- Born: 25 November 1891 Acton, Middlesex, England
- Died: 23 October 1918 (aged 26) † Vicinity of Dendermonde, Belgium
- Buried: Cement House Cemetery, Langemark, Belgium 50°54′17″N 2°54′25″E﻿ / ﻿50.90472°N 2.90694°E
- Allegiance: United Kingdom
- Branch: Royal Naval Air Service Royal Air Force
- Service years: 1917–1918
- Rank: Captain
- Unit: No. 4 Squadron RNAS/No. 204 Squadron RAF
- Conflicts: World War I • Western Front
- Awards: Distinguished Flying Cross & Bar Croix de guerre (France)

= Thomas Nash (RAF officer) =

British World War I flying ace

Captain Thomas Walter Nash (25 November 1891 – 23 October 1918) was a British World War I flying ace credited with eight aerial victories.

==Biography==
Nash was born in Acton, Middlesex, the son of Thomas Walter Nash, a confectioner, and Iris Amy Nash.

He entered the Royal Naval Air Service as a temporary probationary flight officer, and following flight training was commissioned as a temporary flight sub-lieutenant on 15 February 1918. He was posted to No. 4 (Naval) Squadron, which following the merging of the Royal Naval Air Service and the Army's Royal Flying Corps on 1 April 1918 became No. 204 Squadron, Royal Air Force.

Flying a Sopwith Camel, Nash gained his first aerial victory on 22 July 1918, destroying a Rumpler C reconnaissance aircraft south of Ypres, and on 31 July he destroyed a Pfalz D.III over Roeselare. On 13 August he was appointed a flight commander with the acting rank of captain, and on 15 August he scored a double victory, destroying two Fokker D.VIIs over Menen. On 16 September Nash destroyed an observation balloon south-east of Ostend, and on 24 September gained another double victory by destroying and driving down out of control two Fokker D.VIIs over Pervijze. His eighth and final success came on 9 October when he shot down in flames a Fokker D.VII over Lichtervelde.

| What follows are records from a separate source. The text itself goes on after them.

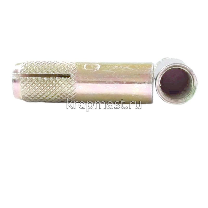 Забиваемый анкер М 10 применяется для крпеления конструкций к бетону, природному камню, кирпичу. Забивной анкер имеет внутреннюю резьбу и конусообразныый клин. Такой анкер расклинивается специальным инструментом.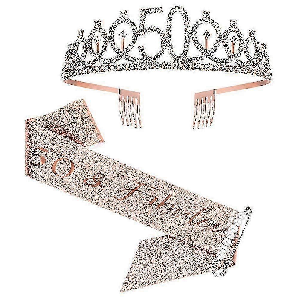 50th Birthday Rose Gold Sash Crown 50 Sash Tiara Supplies For Women Ladies
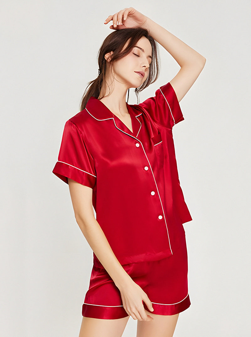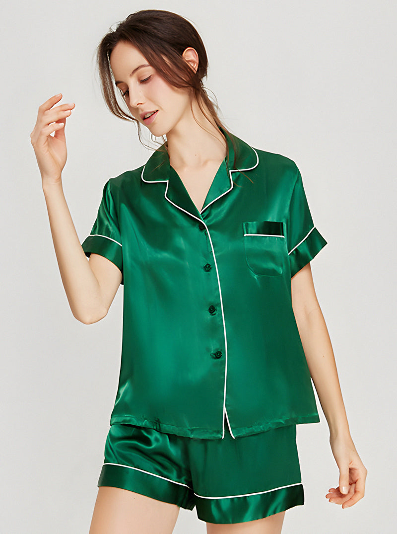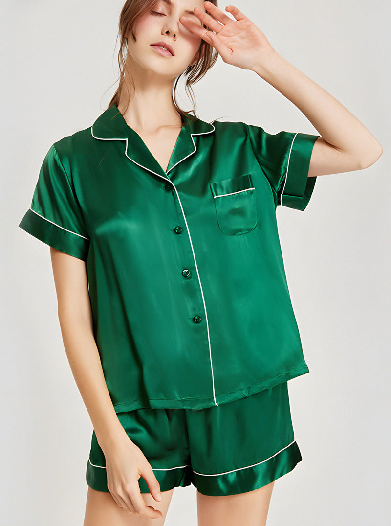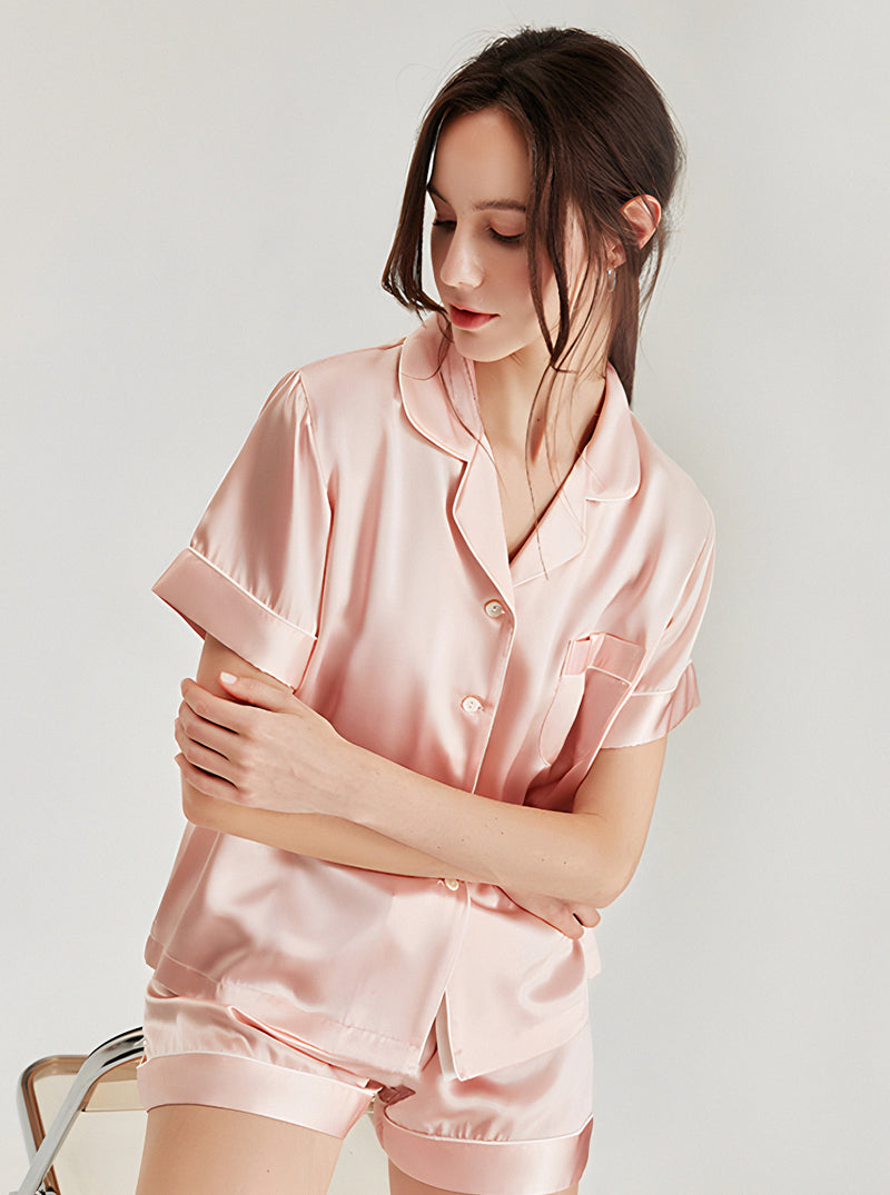 19 Momme Silk Summer Female Small Lapel Simple Fashion Versatile Multicolor Short Sleeve Button Pajamas Two-Piece Set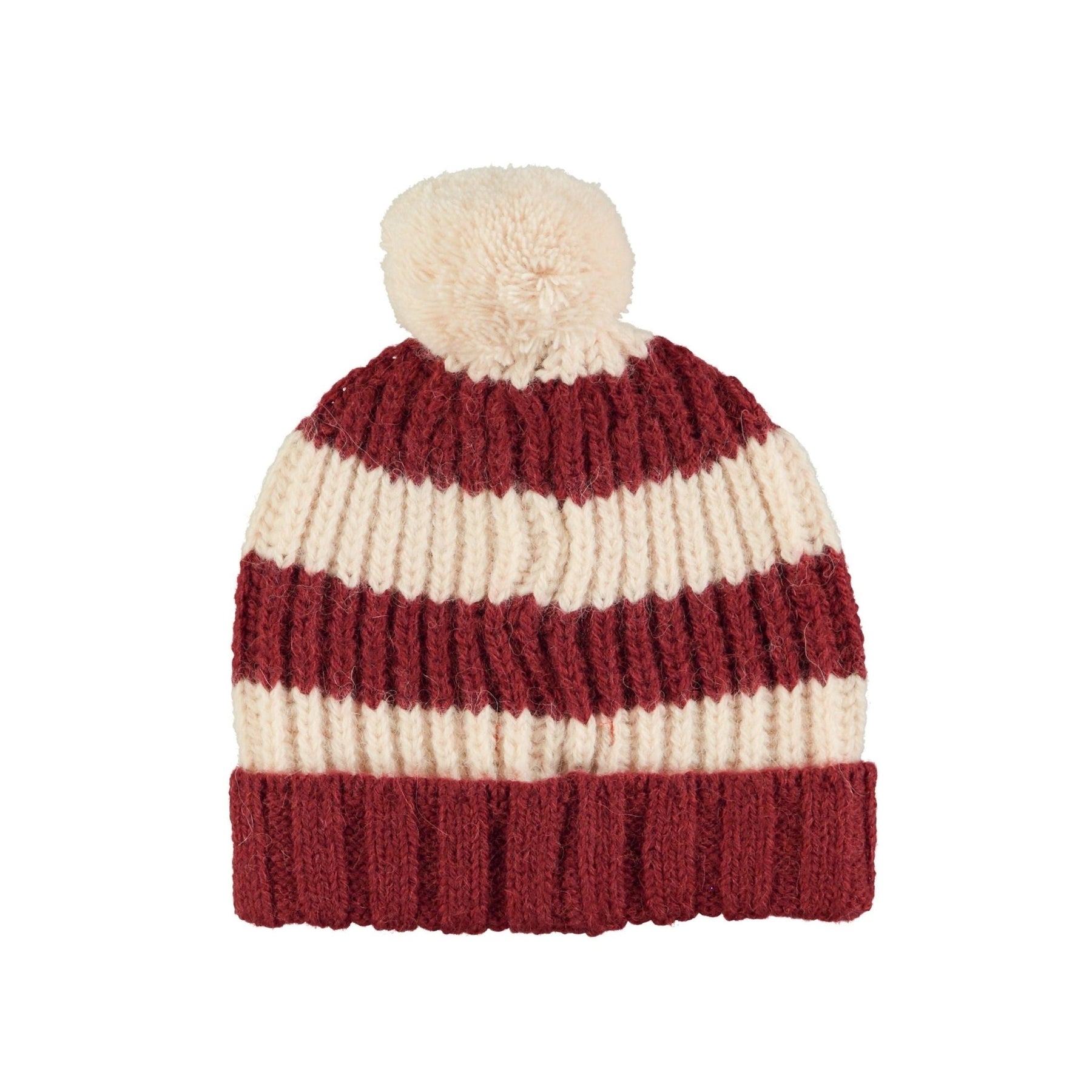 Piupiuchick Baby Knitted With Pompon Bordeaux & Light Pink Stripes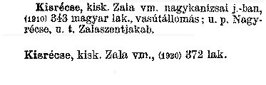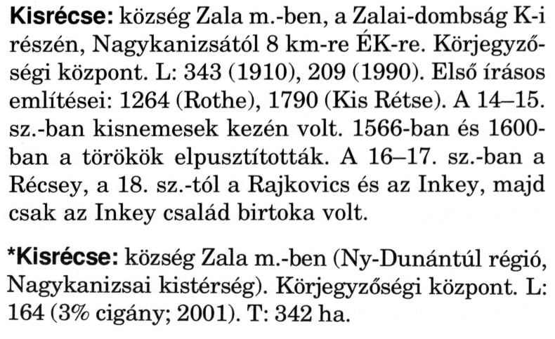 KISRÉCSE 1264-ben: Rethe, 1757-ben: Kiss-Récse. Szláv er ... | 955.17 KB | 2008-04-21 12:18:33 |

Early on 23 October 1918, Nash led a patrol from 204 Squadron which was attacked over Dendermonde by twelve aircraft from Marinefeldjasta 1. Nash was shot down and killed, alongside four other pilots from his squadron; Lieutenants Frederick Gordon Bayley and Osbourne J. Orr, Second Lieutenant G. Sutcliffe and Sergeant Cecil M. A. Mahon. Credit for the five kills was awarded to Oberleutnant zur See Gotthard Sachsenberg and Vizeflugmeister Alexander Zenzes.

For his actions on 15 August Nash was awarded the Distinguished Flying Cross, which was gazetted posthumously on 1 November 1918. His citation read:

Lieutenant Thomas Walter Nash (Sea Patrol).
"After four months' excellent service as a pilot this officer was appointed Flight Commander. His brilliant leadership has fully justified his selection. On a recent patrol his formation accounted for six enemy 'planes, he himself destroying two. We suffered no casualties, mainly owing to the skill and judgment displayed by Lieutenant Nash."

A few days later, on 5 November, permission was granted to accept the Croix de Guerre (with Palm) awarded by the French government for his services in Flanders. On 1 January 1919 Nash was awarded a Bar to his Distinguished Flying Cross.

Nash is buried at the Cement House Cemetery, Langemark, Belgium, and is also commemorated on his family grave in the churchyard of St Lawrence's Church, West Wycombe, Buckinghamshire.